Keeping it Simple: Language Models can learn Complex Molecular Distributions
Deep generative models of molecules have grown immensely in popularity, trained on relevant datasets, these models are used to search through chemical space. The downstream utility of generative models for the inverse design of novel functional compounds depends on their ability to learn a training distribution of molecules. The most simple example is a language model that takes the form of a recurrent neural network and generates molecules using a string representation. More sophisticated are graph generative models, which sequentially construct molecular graphs and typically achieve state of the art results. However, recent work has shown that language models are more capable than once thought, particularly in the low data regime. In this work, we investigate the capacity of simple language models to learn distributions of molecules. For this purpose, we introduce several challenging generative modeling tasks by compiling especially complex distributions of molecules. On each task, we evaluate the ability of language models as compared with two widely used graph generative models. The results demonstrate that language models are powerful generative models, capable of adeptly learning complex molecular distributions -- and yield better performance than the graph models. Language models can accurately generate: distributions of the highest scoring penalized LogP molecules in ZINC15, multi-modal molecular distributions as well as the largest molecules in PubChem.
Daniel Flam-Shepherd, Kevin Zhu, Alan Aspuru-Guzik
preprint , 2021

Learning Interpretable Representations of Entanglement in Quantum Optics Experiments
using Deep Generative Models
Quantum physics experiments produce interesting phenomena such as interference or entanglement, which is a core property of numerous future quantum technologies.
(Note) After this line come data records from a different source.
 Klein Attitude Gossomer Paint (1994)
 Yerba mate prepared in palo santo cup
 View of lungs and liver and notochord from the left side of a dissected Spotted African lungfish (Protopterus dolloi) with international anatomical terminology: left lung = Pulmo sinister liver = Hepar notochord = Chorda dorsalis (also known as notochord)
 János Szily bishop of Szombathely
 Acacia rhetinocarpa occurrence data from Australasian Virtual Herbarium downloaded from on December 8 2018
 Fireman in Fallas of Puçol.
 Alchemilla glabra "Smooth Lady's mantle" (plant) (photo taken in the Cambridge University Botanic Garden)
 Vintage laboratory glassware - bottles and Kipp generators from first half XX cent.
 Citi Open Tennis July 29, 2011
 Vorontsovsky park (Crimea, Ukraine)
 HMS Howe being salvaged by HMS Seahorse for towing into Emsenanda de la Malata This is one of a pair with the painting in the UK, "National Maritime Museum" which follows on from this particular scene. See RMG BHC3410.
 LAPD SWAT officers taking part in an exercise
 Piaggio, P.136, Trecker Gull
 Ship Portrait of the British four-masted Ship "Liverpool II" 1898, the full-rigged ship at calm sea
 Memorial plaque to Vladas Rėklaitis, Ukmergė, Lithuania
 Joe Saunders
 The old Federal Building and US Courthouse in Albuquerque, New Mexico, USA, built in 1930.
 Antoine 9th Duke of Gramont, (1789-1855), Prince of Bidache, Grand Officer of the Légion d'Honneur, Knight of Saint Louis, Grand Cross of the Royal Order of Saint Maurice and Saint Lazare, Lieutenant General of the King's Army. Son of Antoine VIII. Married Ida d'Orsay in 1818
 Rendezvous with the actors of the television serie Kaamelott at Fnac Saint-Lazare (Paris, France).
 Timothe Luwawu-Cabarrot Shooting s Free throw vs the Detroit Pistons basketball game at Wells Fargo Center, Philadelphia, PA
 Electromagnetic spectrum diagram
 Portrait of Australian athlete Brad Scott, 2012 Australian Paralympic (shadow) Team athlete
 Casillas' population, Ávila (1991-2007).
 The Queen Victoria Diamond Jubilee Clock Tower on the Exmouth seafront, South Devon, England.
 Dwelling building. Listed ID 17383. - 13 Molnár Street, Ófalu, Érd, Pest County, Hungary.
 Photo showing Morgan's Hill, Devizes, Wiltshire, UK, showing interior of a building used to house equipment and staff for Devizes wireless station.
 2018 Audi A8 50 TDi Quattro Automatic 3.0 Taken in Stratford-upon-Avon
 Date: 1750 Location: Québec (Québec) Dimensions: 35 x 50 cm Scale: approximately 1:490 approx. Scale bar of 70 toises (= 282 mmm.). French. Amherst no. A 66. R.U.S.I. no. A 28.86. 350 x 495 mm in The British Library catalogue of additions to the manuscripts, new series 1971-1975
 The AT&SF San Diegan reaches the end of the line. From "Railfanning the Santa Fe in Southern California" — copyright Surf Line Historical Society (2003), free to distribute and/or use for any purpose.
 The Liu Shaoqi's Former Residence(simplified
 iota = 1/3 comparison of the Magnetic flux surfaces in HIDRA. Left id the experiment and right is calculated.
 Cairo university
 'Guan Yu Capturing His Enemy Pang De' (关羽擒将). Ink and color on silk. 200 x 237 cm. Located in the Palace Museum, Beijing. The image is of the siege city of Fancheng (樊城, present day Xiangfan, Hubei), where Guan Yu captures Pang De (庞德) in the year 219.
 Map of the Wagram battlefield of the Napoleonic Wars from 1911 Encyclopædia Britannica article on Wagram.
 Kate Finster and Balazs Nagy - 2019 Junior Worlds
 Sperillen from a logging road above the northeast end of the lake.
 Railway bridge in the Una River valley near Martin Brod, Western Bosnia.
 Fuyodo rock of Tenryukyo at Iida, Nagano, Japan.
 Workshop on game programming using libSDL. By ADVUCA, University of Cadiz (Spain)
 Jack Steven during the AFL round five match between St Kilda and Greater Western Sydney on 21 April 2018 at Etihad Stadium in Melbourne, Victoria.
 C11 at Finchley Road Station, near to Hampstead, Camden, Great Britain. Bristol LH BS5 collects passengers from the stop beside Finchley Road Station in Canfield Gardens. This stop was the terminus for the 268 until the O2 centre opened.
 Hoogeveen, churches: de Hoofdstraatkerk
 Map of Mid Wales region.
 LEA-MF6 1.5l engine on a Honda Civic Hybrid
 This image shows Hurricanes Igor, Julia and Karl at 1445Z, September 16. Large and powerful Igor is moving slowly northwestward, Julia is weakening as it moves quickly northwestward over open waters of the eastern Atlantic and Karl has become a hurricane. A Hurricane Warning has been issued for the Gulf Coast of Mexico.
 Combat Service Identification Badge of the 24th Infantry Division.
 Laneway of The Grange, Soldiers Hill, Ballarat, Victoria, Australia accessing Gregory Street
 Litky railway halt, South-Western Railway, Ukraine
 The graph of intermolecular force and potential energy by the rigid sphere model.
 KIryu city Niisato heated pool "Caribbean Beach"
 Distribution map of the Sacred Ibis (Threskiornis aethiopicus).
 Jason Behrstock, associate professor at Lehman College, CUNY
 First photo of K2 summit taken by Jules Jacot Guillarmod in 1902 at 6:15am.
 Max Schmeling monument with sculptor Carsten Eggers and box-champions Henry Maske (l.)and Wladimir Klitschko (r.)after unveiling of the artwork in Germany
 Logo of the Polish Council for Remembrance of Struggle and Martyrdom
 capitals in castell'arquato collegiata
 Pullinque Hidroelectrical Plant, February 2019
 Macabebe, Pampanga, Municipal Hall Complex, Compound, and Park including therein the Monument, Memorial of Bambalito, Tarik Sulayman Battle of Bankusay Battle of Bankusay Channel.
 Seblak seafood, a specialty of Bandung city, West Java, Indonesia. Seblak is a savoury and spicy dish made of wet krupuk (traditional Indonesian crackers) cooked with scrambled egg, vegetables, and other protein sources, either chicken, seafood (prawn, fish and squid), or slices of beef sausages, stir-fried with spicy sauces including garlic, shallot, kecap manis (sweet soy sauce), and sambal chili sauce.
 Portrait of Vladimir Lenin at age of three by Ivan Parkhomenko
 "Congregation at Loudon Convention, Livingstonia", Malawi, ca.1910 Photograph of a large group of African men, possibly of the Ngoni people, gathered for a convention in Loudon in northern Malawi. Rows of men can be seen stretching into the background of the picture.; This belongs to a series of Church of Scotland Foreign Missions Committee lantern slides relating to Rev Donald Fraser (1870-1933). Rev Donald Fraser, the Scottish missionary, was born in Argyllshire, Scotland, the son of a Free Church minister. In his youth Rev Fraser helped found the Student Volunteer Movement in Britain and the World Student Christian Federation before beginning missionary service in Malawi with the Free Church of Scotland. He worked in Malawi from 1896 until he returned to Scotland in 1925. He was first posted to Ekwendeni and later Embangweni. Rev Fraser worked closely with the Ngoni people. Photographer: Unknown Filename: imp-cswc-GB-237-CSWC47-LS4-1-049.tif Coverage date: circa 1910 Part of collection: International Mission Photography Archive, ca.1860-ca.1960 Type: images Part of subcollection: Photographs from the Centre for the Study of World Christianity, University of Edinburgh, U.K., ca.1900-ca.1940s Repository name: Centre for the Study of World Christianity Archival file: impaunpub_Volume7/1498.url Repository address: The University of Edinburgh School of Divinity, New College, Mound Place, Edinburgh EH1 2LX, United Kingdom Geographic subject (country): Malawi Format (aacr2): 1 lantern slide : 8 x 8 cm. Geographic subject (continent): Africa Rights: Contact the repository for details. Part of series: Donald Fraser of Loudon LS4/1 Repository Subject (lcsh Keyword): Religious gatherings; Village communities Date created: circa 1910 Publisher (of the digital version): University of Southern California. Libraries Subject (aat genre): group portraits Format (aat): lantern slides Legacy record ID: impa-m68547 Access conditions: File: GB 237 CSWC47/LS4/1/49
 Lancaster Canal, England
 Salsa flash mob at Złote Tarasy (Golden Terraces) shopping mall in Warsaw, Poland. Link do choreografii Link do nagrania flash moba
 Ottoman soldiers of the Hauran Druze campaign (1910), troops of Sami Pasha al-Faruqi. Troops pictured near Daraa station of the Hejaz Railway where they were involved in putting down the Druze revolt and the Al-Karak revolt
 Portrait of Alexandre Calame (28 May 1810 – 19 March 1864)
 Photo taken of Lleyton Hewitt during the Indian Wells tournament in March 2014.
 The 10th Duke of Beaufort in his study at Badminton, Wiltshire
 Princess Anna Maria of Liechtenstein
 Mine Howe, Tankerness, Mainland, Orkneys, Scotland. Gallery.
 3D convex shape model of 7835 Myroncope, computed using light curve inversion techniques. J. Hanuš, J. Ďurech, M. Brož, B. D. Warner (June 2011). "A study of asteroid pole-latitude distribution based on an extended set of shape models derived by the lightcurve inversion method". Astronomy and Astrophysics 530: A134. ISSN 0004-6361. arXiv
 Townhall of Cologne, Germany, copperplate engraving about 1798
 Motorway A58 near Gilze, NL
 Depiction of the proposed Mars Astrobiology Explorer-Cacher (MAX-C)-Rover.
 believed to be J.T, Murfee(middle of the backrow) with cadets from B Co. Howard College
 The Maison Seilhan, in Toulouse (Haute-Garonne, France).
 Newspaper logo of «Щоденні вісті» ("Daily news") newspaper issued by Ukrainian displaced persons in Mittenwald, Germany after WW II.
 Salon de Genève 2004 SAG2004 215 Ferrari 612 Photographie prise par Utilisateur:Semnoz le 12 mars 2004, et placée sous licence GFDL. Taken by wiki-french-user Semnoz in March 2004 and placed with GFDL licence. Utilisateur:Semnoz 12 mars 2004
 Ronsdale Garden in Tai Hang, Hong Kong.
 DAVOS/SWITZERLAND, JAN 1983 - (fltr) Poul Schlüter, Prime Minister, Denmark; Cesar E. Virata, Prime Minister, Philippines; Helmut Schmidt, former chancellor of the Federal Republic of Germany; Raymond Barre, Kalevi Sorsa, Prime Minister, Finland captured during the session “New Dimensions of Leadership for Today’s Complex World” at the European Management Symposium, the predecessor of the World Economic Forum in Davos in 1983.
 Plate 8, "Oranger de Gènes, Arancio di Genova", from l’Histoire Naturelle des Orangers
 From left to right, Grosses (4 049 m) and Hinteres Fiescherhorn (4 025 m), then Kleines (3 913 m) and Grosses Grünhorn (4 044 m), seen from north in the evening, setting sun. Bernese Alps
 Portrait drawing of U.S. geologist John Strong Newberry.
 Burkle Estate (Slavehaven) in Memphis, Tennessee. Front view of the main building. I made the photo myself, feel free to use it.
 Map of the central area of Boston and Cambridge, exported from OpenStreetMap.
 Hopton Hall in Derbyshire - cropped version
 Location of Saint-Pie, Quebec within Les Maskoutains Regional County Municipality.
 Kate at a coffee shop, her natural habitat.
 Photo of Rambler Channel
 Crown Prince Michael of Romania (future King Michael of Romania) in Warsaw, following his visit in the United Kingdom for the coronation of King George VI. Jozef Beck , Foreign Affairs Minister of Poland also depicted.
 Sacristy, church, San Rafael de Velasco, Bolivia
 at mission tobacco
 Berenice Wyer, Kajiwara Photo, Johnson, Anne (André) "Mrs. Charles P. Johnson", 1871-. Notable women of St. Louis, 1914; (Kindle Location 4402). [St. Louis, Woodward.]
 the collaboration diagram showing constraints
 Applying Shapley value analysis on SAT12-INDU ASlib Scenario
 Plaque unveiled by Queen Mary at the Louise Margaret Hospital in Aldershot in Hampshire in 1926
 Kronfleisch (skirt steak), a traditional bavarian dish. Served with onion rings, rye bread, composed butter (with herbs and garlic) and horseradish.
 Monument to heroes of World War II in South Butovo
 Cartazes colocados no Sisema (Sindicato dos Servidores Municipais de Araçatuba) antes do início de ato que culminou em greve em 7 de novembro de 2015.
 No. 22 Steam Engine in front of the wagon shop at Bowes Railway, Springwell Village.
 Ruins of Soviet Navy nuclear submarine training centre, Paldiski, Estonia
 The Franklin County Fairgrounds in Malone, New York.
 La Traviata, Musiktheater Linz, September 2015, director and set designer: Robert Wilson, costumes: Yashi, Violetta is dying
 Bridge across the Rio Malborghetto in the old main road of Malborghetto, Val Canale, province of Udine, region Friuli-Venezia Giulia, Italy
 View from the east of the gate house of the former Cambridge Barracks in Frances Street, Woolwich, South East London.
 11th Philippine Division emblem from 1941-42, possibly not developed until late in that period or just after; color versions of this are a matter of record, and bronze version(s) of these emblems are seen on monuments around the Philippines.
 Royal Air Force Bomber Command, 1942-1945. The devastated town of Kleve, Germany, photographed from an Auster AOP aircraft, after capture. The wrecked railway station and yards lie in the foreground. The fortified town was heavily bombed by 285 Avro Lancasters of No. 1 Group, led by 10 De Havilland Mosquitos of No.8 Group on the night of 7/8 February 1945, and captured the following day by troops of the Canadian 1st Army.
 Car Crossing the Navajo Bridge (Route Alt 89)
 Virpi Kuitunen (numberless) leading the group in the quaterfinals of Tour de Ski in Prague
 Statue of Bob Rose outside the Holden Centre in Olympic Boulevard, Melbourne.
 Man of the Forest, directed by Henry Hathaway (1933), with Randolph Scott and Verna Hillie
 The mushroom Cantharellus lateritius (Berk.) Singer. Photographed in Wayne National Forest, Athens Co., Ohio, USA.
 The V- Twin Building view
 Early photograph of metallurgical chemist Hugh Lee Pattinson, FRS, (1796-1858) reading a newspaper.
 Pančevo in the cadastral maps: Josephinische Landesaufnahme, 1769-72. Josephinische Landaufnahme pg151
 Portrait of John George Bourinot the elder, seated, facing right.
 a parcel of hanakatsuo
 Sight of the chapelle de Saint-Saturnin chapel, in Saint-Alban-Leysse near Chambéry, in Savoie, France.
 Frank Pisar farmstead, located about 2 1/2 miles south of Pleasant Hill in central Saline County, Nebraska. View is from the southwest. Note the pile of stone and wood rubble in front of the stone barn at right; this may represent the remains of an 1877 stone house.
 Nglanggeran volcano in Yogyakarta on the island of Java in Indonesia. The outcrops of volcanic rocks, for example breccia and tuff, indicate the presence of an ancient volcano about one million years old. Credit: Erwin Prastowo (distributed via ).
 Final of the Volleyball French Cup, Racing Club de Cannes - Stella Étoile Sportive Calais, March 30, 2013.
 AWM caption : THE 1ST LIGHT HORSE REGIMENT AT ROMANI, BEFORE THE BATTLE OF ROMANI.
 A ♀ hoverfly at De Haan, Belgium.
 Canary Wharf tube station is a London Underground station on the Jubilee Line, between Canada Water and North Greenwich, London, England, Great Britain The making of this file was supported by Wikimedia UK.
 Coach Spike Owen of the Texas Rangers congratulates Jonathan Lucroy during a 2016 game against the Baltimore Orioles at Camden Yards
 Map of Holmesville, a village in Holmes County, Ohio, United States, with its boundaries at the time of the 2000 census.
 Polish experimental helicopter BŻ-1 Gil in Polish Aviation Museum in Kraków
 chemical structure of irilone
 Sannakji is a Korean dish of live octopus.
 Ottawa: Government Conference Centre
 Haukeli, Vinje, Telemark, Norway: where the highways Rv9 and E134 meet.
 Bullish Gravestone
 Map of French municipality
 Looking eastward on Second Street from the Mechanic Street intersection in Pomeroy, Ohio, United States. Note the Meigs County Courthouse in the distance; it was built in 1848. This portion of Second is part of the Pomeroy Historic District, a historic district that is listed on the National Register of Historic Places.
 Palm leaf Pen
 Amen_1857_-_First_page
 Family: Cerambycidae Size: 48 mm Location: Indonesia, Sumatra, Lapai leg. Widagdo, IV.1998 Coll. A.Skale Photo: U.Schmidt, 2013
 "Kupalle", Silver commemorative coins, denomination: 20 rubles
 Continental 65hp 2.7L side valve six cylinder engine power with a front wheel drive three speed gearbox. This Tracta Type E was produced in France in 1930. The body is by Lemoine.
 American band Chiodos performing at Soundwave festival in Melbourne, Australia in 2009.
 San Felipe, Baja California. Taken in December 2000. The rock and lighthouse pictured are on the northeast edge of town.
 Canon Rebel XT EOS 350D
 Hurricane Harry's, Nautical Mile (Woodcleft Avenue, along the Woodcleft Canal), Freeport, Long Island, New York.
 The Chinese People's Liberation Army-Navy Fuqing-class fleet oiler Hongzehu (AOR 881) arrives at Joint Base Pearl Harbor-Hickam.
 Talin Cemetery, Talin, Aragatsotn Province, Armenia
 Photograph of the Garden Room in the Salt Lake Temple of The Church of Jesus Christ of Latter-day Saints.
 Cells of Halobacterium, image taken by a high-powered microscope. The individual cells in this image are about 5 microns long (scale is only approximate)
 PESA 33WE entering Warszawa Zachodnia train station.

The complex relationship between a quantum experiment's structure and its entanglement properties is essential to fundamental research in quantum optics but is difficult to intuitively understand. We present the first deep generative model of quantum optics experiments where a variational autoencoder (QOVAE) is trained on a dataset of experimental setups. In a series of computational experiments, we investigate the learned representation of the QOVAE and its internal understanding of the quantum optics world. We demonstrate that the QOVAE learns an intrepretable representation of quantum optics experiments and the relationship between experiment structure and entanglement. We show the QOVAE is able to generate novel experiments for highly entangled quantum states with specific distributions that match its training data. Importantly, we are able to fully interpret how the QOVAE structures its latent space, finding curious patterns that we can entirely explain in terms of quantum physics. The results demonstrate how we can successfully use and understand the internal representations of deep generative models in a complex scientific domain. The QOVAE and the insights from our investigations can be immediately applied to other physical systems throughout fundamental scientific research.
Daniel Flam-Shepherd, Tony Wu, Xumei Gu, Alba Cervera Lierta, Mario Krenn, Alan Aspuru-Guzik
preprint , 2021

Graph Deconvolutional Generation
Graph generation is an extremely important task, as graphs are found throughout different areas of science and engineering. In this work, we focus on the modern equivalent of the Erdos-Renyi random graph model: the graph variational autoencoder (GVAE). This model assumes edges and nodes are independent in order to generate entire graphs at a time using a multi-layer perceptron decoder. As a result of these assumptions, GVAE has difficulty matching the training distribution and relies on an expensive graph matching procedure. We improve this class of models by building a message passing neural network into GVAE's encoder and decoder. We demonstrate our model on the specific task of generating small organic molecules.
Daniel Flam-Shepherd, Tony Wu, Alan Aspuru-Guzik
preprint , 2019

Neural Message Passing on Higher Order Paths
Graph neural network (GNNs) have achieved impressive results in predicting molecular properties, but do not directly account for local and hidden structures such as functional groups and molecular geometry. At every layer, GNNs aggregate only over first order neighbours, ignoring important information contained in subsequent neighbours as well as the relationships between those higher order connections. In this work, we generalize graph neural nets to pass messages and aggregate across higher order paths. This allows information to propagate over various levels and substructures of the graph. We demonstrate our model on a few tasks in molecular property prediction.
Daniel Flam-Shepherd, Tony Wu Pascal Friederich Alan Aspuru-Guzik
preprint , 2019

Characterizing and warping the function space of Bayesian neural networks
In this work we develop a simple method to construct priors for Bayesian neural networks that incorporates meaningful prior information about functions. We fit neural nets to samples of functions using a hypernetwork, in order to use the empirical moments of the learned weights for our prior parameters. This method allows us to characterize the relationship between weight space and function space.
Daniel Flam-Shepherd, James Requeima, David Duvenaud
NIPS Workshop on Bayesian Deep Learning, 2018

Mapping Gaussian process priors to Bayesian Neural Networks
What defines a reasonable prior to use in Bayesian models? Often, normal distributions are placed over the weights for convenience and are interpreted as a bias toward less complex functions via smaller weights. Gaussian processes, on the other hand, have a elegant mechanism for incorporating prior beliefs about the underlying function - specifying the mean and covariance functions. In this work, we present an approach to specify a more principled prior for Bayesian Neural Networks that can leverage the well studied kernel design techniques from Gaussian process regression.
Daniel Flam-Shepherd, James Requeima, David Duvenaud
NIPS Workshop on Bayesian Deep Learning, 2017